INPUT DATA:
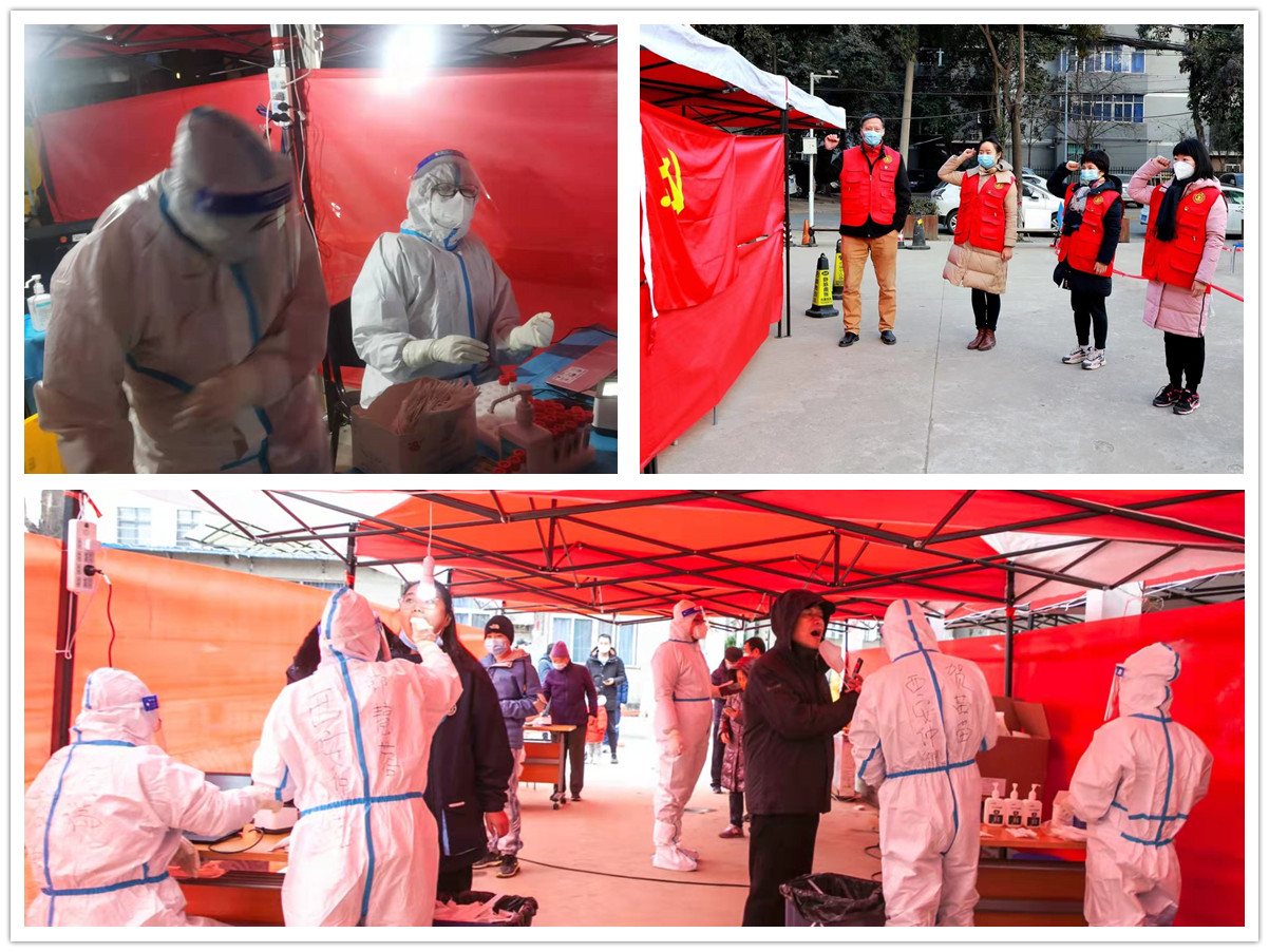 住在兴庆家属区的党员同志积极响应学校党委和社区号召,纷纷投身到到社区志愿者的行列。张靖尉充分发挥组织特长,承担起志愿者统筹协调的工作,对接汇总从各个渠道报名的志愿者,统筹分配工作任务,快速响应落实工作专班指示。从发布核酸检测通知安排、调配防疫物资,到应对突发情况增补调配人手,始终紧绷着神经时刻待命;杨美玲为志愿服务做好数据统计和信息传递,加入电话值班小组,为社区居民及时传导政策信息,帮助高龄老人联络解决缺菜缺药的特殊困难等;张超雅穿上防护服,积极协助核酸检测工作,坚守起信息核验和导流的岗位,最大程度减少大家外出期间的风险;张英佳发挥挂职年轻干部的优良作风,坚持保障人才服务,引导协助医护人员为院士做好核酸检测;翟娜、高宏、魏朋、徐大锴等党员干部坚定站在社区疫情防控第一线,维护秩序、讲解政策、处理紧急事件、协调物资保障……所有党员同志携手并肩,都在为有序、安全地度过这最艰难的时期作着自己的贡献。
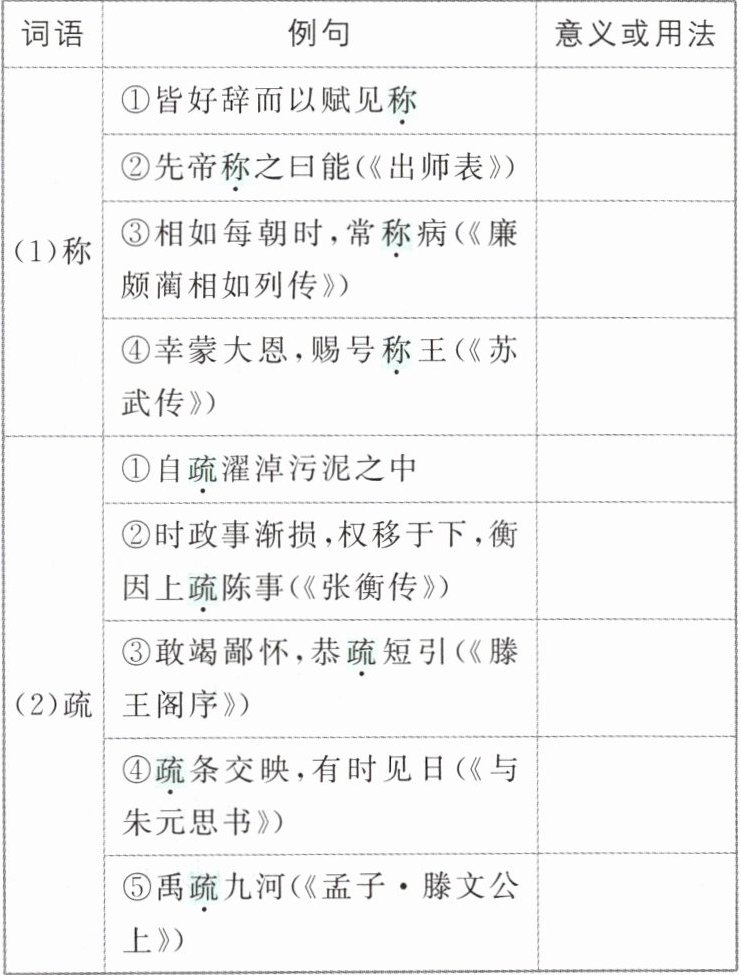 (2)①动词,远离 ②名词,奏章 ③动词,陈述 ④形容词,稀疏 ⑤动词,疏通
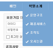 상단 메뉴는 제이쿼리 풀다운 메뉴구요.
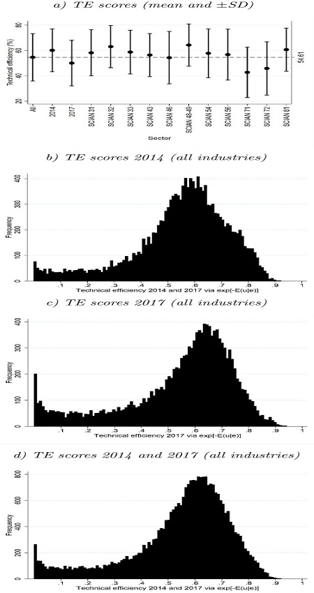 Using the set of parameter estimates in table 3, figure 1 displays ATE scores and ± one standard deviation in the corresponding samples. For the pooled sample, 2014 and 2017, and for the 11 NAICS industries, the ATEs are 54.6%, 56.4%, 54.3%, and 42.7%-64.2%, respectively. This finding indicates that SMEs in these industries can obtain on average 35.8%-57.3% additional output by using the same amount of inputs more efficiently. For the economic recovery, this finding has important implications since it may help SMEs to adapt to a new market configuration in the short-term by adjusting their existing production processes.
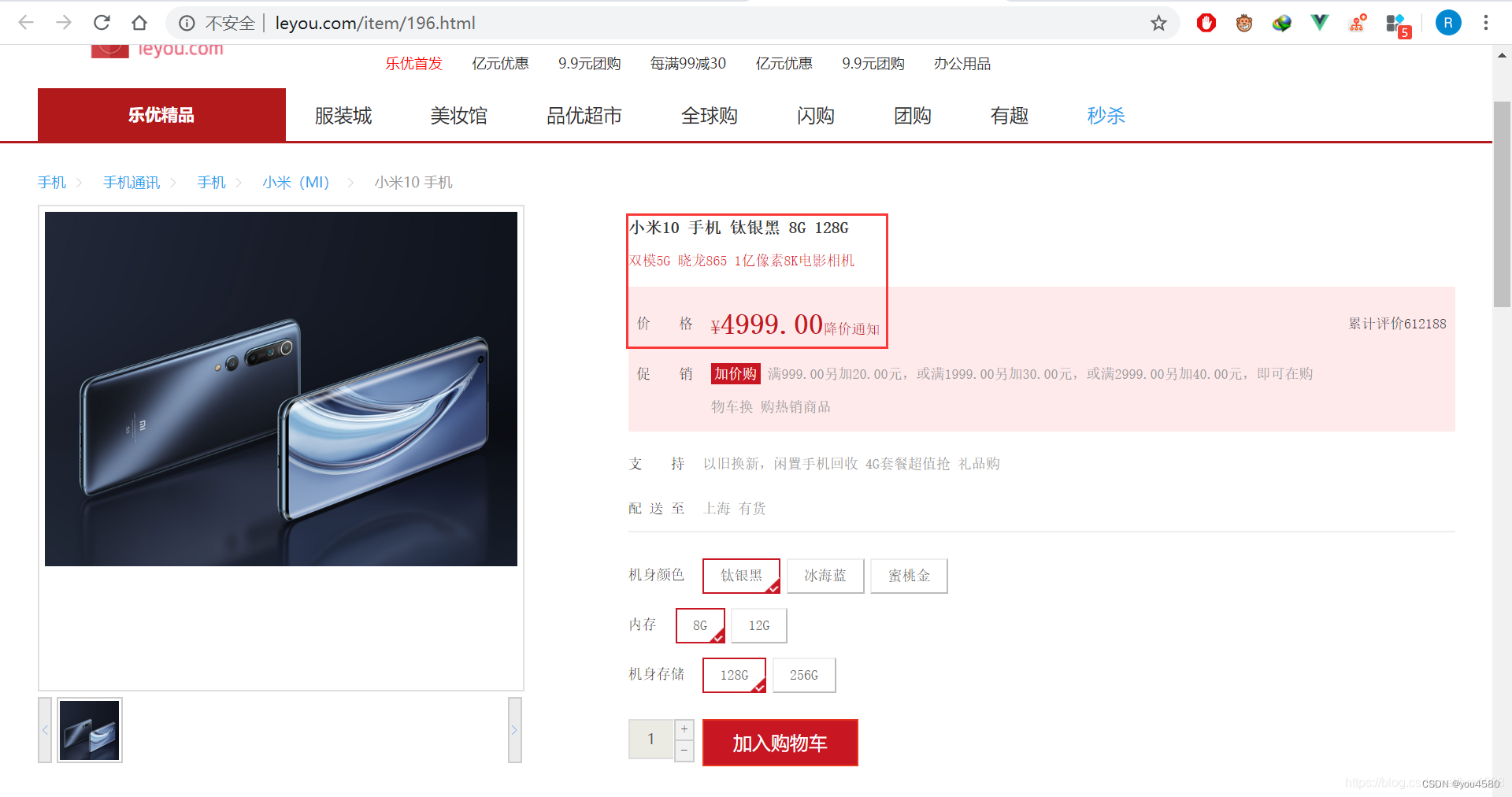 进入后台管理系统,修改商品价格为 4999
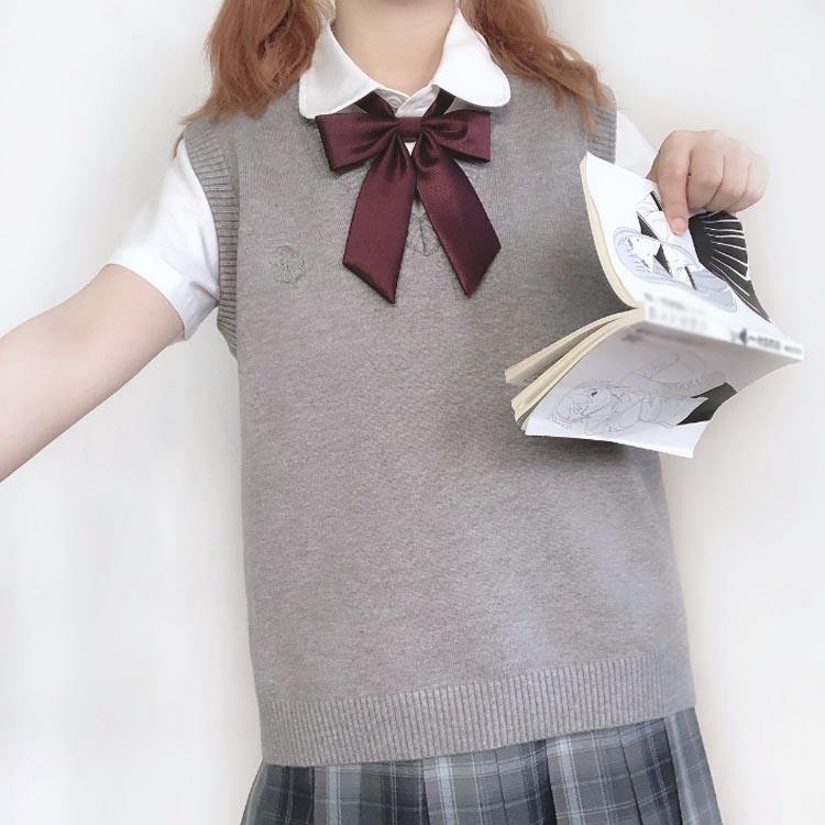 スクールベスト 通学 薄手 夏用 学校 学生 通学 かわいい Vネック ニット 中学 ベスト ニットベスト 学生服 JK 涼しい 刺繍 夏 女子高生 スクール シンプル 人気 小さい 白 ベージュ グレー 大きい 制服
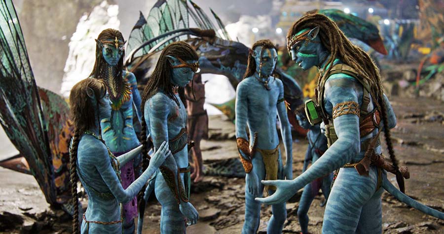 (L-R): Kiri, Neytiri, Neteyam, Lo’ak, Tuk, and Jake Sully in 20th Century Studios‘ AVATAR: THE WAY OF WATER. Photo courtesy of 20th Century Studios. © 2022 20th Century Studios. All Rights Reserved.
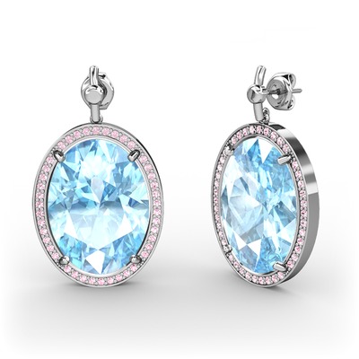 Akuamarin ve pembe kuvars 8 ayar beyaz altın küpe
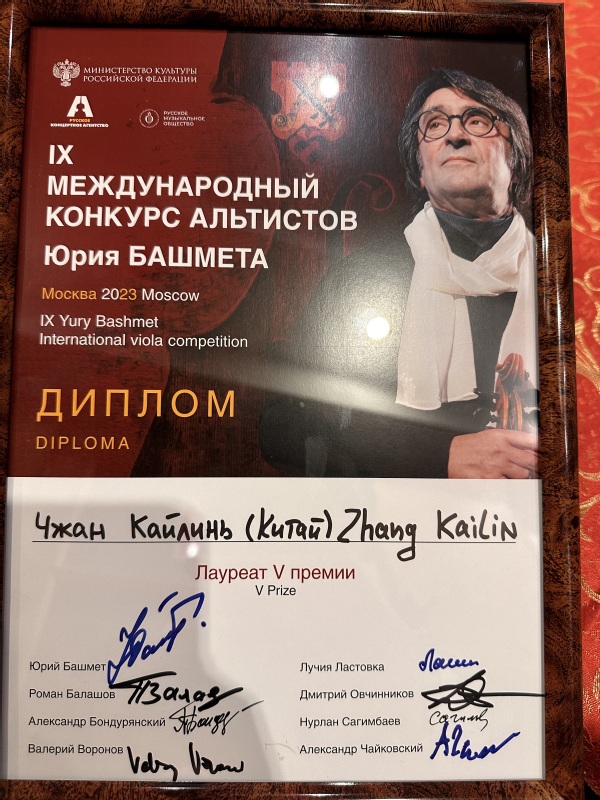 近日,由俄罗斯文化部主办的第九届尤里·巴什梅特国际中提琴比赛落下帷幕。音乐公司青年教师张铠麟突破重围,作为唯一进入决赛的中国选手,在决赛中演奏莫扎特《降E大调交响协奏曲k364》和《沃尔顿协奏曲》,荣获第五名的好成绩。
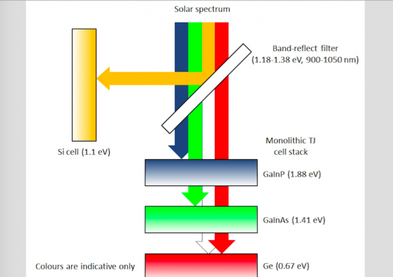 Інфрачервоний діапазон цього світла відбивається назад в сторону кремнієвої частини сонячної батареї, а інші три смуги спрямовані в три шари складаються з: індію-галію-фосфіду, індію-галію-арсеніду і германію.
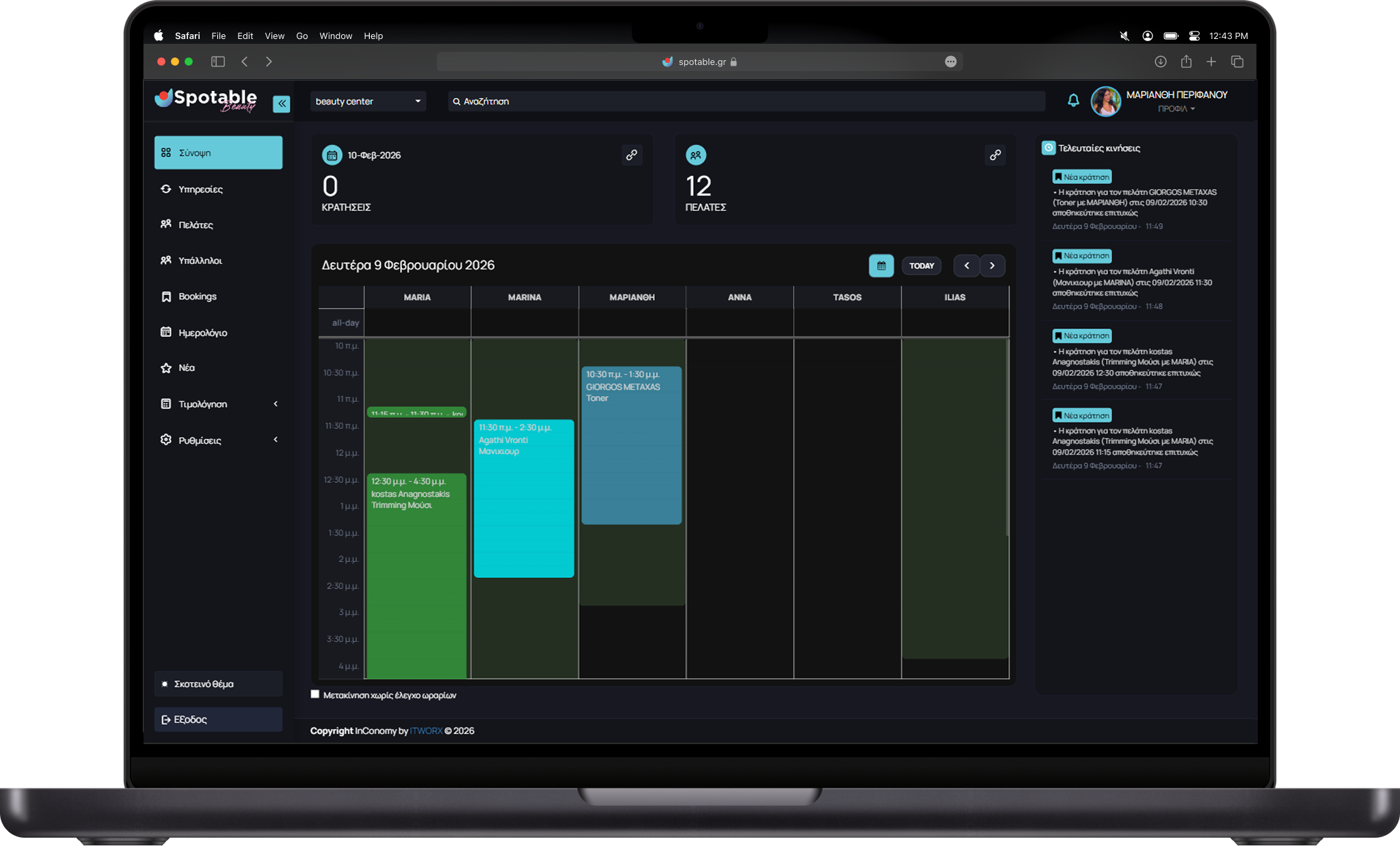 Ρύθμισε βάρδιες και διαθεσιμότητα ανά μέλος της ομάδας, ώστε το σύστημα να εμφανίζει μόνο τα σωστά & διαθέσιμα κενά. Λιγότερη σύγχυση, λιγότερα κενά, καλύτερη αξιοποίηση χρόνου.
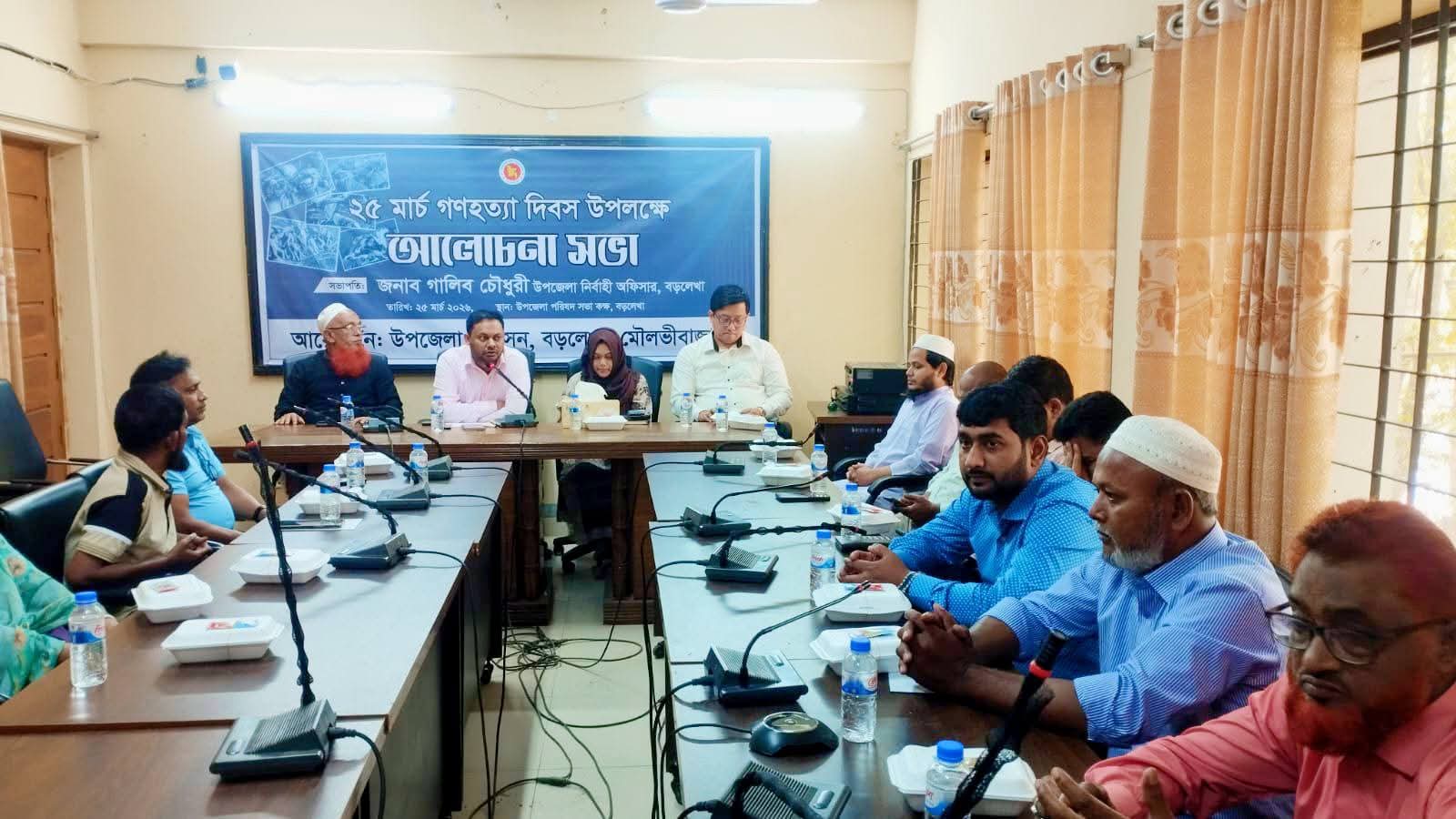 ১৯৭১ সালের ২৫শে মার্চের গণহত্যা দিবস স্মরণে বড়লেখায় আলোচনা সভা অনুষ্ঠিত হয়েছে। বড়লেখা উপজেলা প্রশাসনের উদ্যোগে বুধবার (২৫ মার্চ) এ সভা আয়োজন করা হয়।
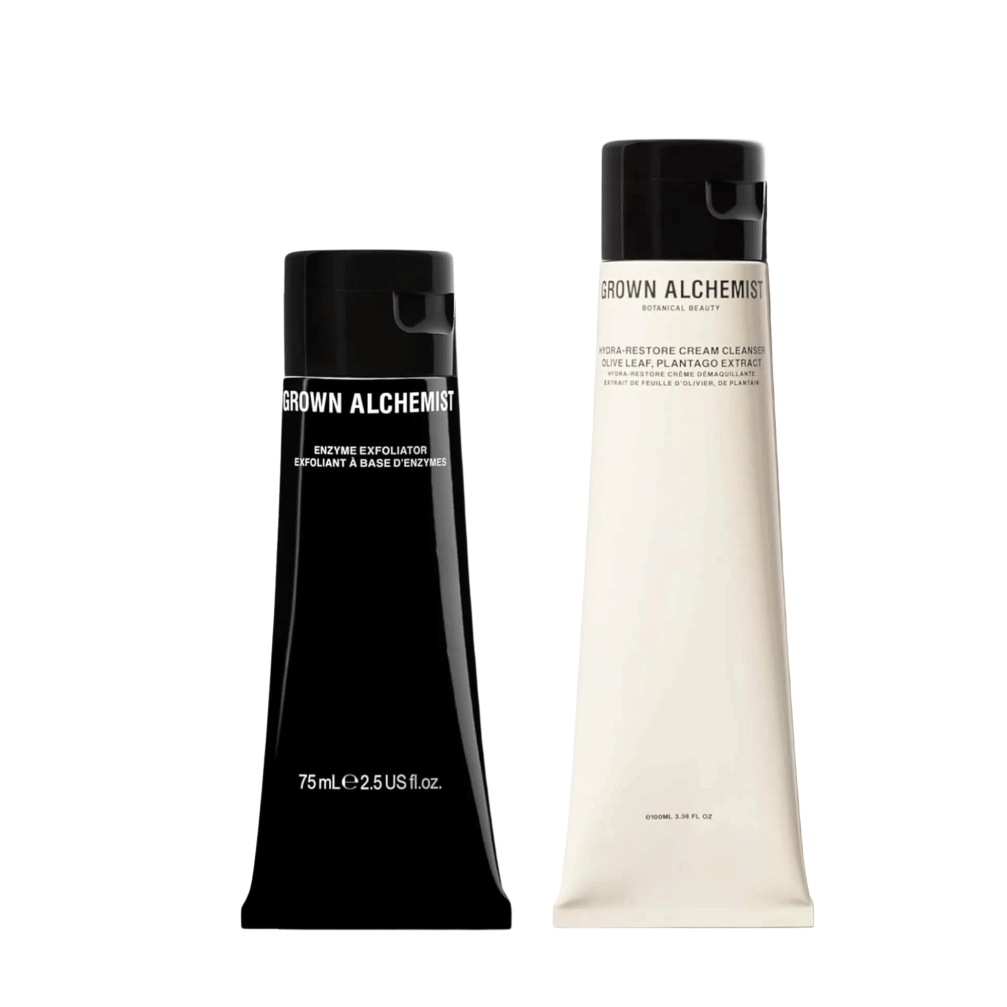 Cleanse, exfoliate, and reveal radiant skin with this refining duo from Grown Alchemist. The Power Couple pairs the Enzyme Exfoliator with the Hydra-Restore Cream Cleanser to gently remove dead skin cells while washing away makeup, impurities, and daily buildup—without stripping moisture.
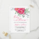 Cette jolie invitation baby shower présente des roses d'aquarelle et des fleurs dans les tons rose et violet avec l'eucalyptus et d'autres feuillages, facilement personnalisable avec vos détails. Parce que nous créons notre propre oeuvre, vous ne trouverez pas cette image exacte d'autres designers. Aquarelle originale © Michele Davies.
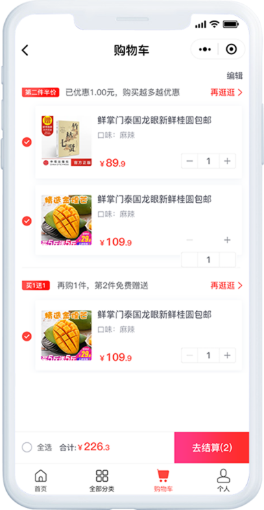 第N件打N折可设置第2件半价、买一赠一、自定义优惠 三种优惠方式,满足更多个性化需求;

WHAT THE EXERCISE ASKS: Leave the pictures out. Output, exactly, the lines of the material above starting at the line containing "Ρύθμισε βάρδιες και" and ending at the line containing "১৯৭১ সালের ২৫শে".

RESPONSE BOX:
 Ρύθμισε βάρδιες και διαθεσιμότητα ανά μέλος της ομάδας, ώστε το σύστημα να εμφανίζει μόνο τα σωστά & διαθέσιμα κενά. Λιγότερη σύγχυση, λιγότερα κενά, καλύτερη αξιοποίηση χρόνου.
 ১৯৭১ সালের ২৫শে মার্চের গণহত্যা দিবস স্মরণে বড়লেখায় আলোচনা সভা অনুষ্ঠিত হয়েছে। বড়লেখা উপজেলা প্রশাসনের উদ্যোগে বুধবার (২৫ মার্চ) এ সভা আয়োজন করা হয়।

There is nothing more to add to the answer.